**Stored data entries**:

=== Section Start ===

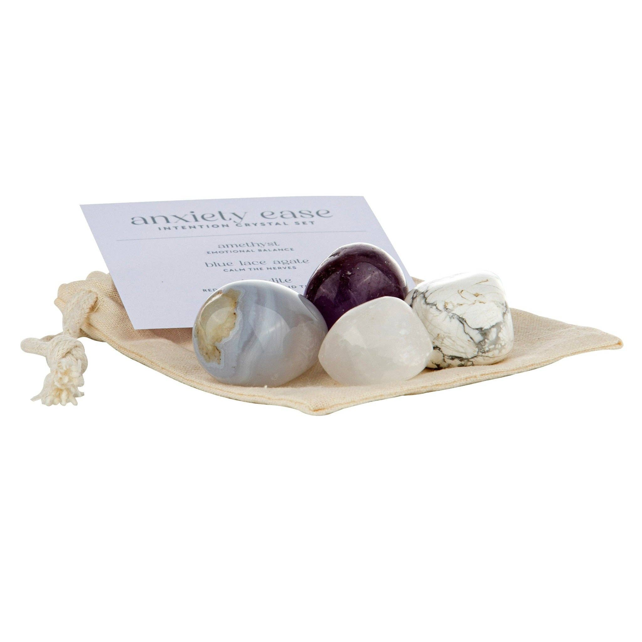 Anxiety Ease Intention Crystal Set 4 Tumbled Crystals in a Calico Bag with an Information Insert
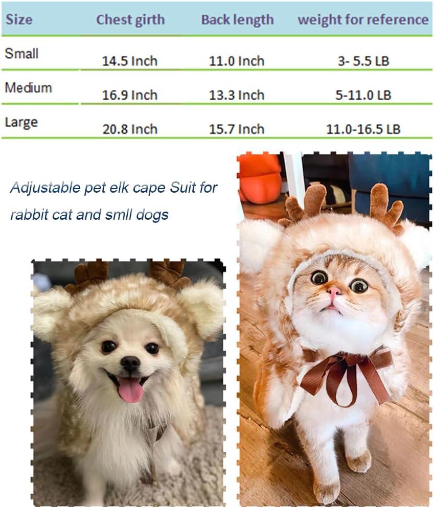 ANIAC Christmas Puppy Reindeer Costume Xmas Dog Elk Cloak with Antlers Cat Santa Cape Christmas Dog Outfit for Small Medium Dog (Medium, Brown)(Brown)
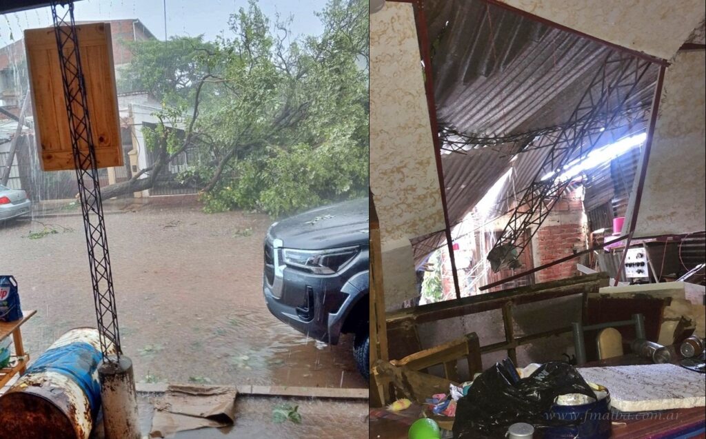 Durante varios minutos, las piedras de hielo (granizo) golpearon con fuerza, aumentando la sensación de caos y emergencia. Entre los incidentes más destacados se encuentra la caída del tinglado del galpón donde estacionan los micros de la empresa Veloz del Norte, ocasionando importantes daños tanto en la estructura como en algunas unidades de transporte.
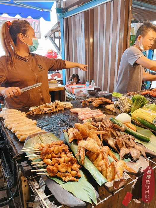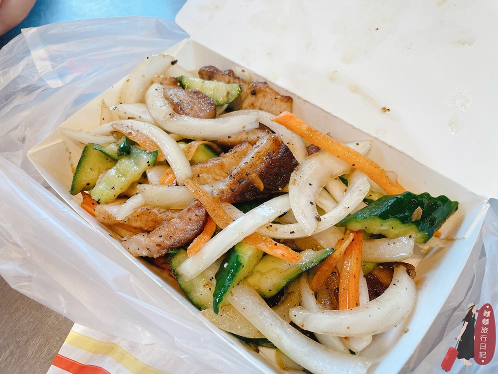 商店街裡叫賣聲絡繹不絕,超級熱鬧喧嘩,我們買了石板烤肉,烤肉還搭配蔬菜一起炒!
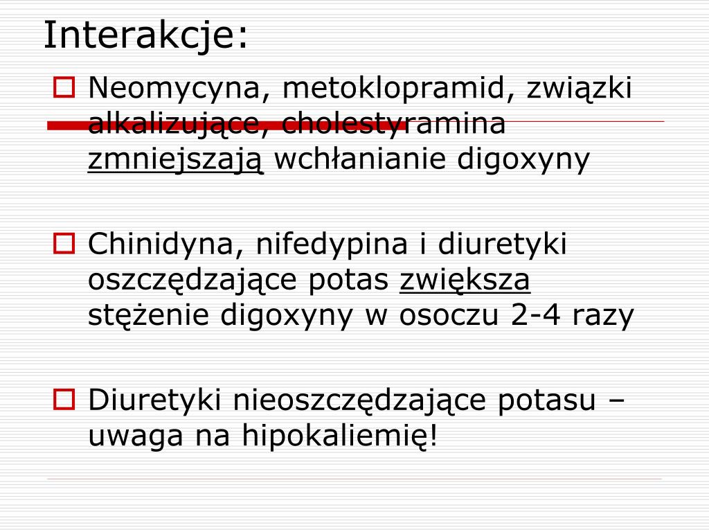 Interakcje: • Neomycyna, metoklopramid, związki alkalizujące, cholestyramina zmniejszają wchłanianie digoxyny • Chinidyna, nifedypina i diuretyki oszczędzające potas zwiększa stężenie digoxyny w osoczu 2-4 razy • Diuretyki nieoszczędzające potasu – uwaga na hipokaliemię!
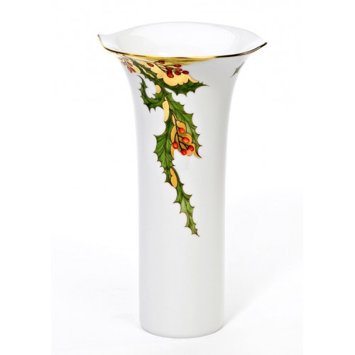 Vase, Form "Wellenspiel Pur", Stechpalme, bunt und gold, Goldrand (Relief auf Untertasse vergoldet), H 19 cm
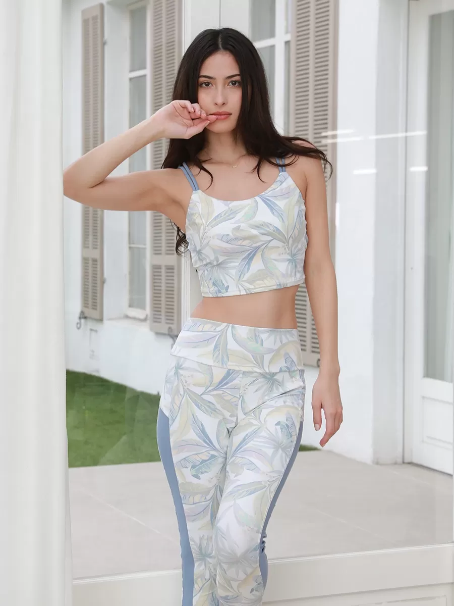 ペールトーンリーフ柄ストラッピーショルダーブラ
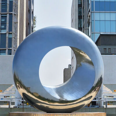 This giant mirror polished stainless steel ring sculpture stands as a striking centerpiece of urban public space. Blending sleek modern landscape aesthetics with high-shine stainless steel material, its reflective surface captures and reimagines the surrounding cityspace-turning passeerby, geenery, and architecture into a dynamic, ever-changing visual dialogue. As a signature city art installation, it merges functional public decor with contemporary art, offering an immersive interactive experience while elevating the modern vibe of any urban enviroment.
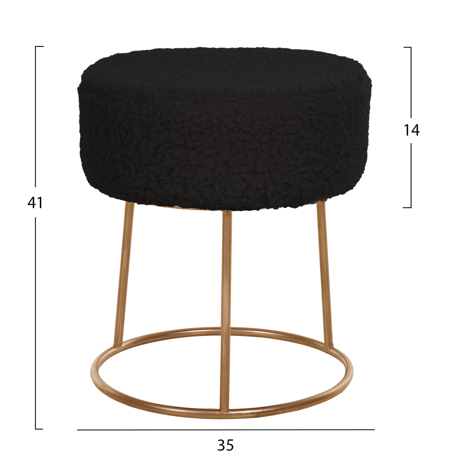 Το σκαμπό KARLO είναι μια μοντέρνα και στιλάτη πρόταση που θα αφήσει το στίγμα του σε όποιο σαλόνι κι αν τοποθετηθεί. Το στρογγυλό του σχήμα με την στρογγυλή ΧΡΥΣΗ μεταλλική βάση, σε συνδυασμό με το ζεστό μπουκλέ ύφασμα σε ΜΑΥΡΟ χρώμα, συνθέτουν ένα όμορφο και πρακτικό έπιπλο, που μπορεί να συνδυαστεί με πληθώρα άλλων χρωμάτων στην διακόσμηση του σαλονιού.
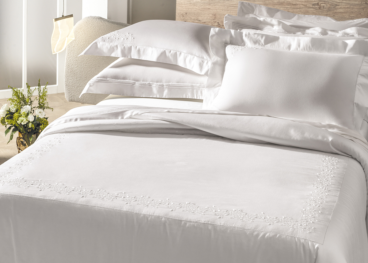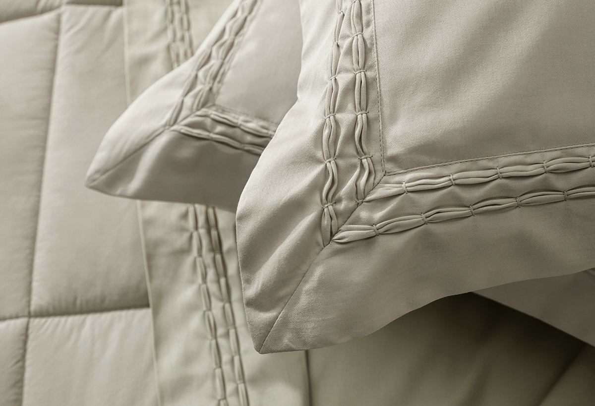 Reflete a essência da Serenidade Sensorial, combinando brilho suave, maciez envolvente e bordados delicados que elevam o bem-estar. Cada detalhe do matelassado ao acabamento refinado cria uma atmosfera de calma e elegância.

=== Section End ===

**Your goal**:
Output the entries above exactly. Drop the pictures.

**Result of this task**:
 Anxiety Ease Intention Crystal Set 4 Tumbled Crystals in a Calico Bag with an Information Insert
 ANIAC Christmas Puppy Reindeer Costume Xmas Dog Elk Cloak with Antlers Cat Santa Cape Christmas Dog Outfit for Small Medium Dog (Medium, Brown)(Brown)
 Durante varios minutos, las piedras de hielo (granizo) golpearon con fuerza, aumentando la sensación de caos y emergencia. Entre los incidentes más destacados se encuentra la caída del tinglado del galpón donde estacionan los micros de la empresa Veloz del Norte, ocasionando importantes daños tanto en la estructura como en algunas unidades de transporte.
 商店街裡叫賣聲絡繹不絕,超級熱鬧喧嘩,我們買了石板烤肉,烤肉還搭配蔬菜一起炒!
 Interakcje: • Neomycyna, metoklopramid, związki alkalizujące, cholestyramina zmniejszają wchłanianie digoxyny • Chinidyna, nifedypina i diuretyki oszczędzające potas zwiększa stężenie digoxyny w osoczu 2-4 razy • Diuretyki nieoszczędzające potasu – uwaga na hipokaliemię!
 Vase, Form "Wellenspiel Pur", Stechpalme, bunt und gold, Goldrand (Relief auf Untertasse vergoldet), H 19 cm
 ペールトーンリーフ柄ストラッピーショルダーブラ
 This giant mirror polished stainless steel ring sculpture stands as a striking centerpiece of urban public space. Blending sleek modern landscape aesthetics with high-shine stainless steel material, its reflective surface captures and reimagines the surrounding cityspace-turning passeerby, geenery, and architecture into a dynamic, ever-changing visual dialogue. As a signature city art installation, it merges functional public decor with contemporary art, offering an immersive interactive experience while elevating the modern vibe of any urban enviroment.
 Το σκαμπό KARLO είναι μια μοντέρνα και στιλάτη πρόταση που θα αφήσει το στίγμα του σε όποιο σαλόνι κι αν τοποθετηθεί. Το στρογγυλό του σχήμα με την στρογγυλή ΧΡΥΣΗ μεταλλική βάση, σε συνδυασμό με το ζεστό μπουκλέ ύφασμα σε ΜΑΥΡΟ χρώμα, συνθέτουν ένα όμορφο και πρακτικό έπιπλο, που μπορεί να συνδυαστεί με πληθώρα άλλων χρωμάτων στην διακόσμηση του σαλονιού.
 Reflete a essência da Serenidade Sensorial, combinando brilho suave, maciez envolvente e bordados delicados que elevam o bem-estar. Cada detalhe do matelassado ao acabamento refinado cria uma atmosfera de calma e elegância.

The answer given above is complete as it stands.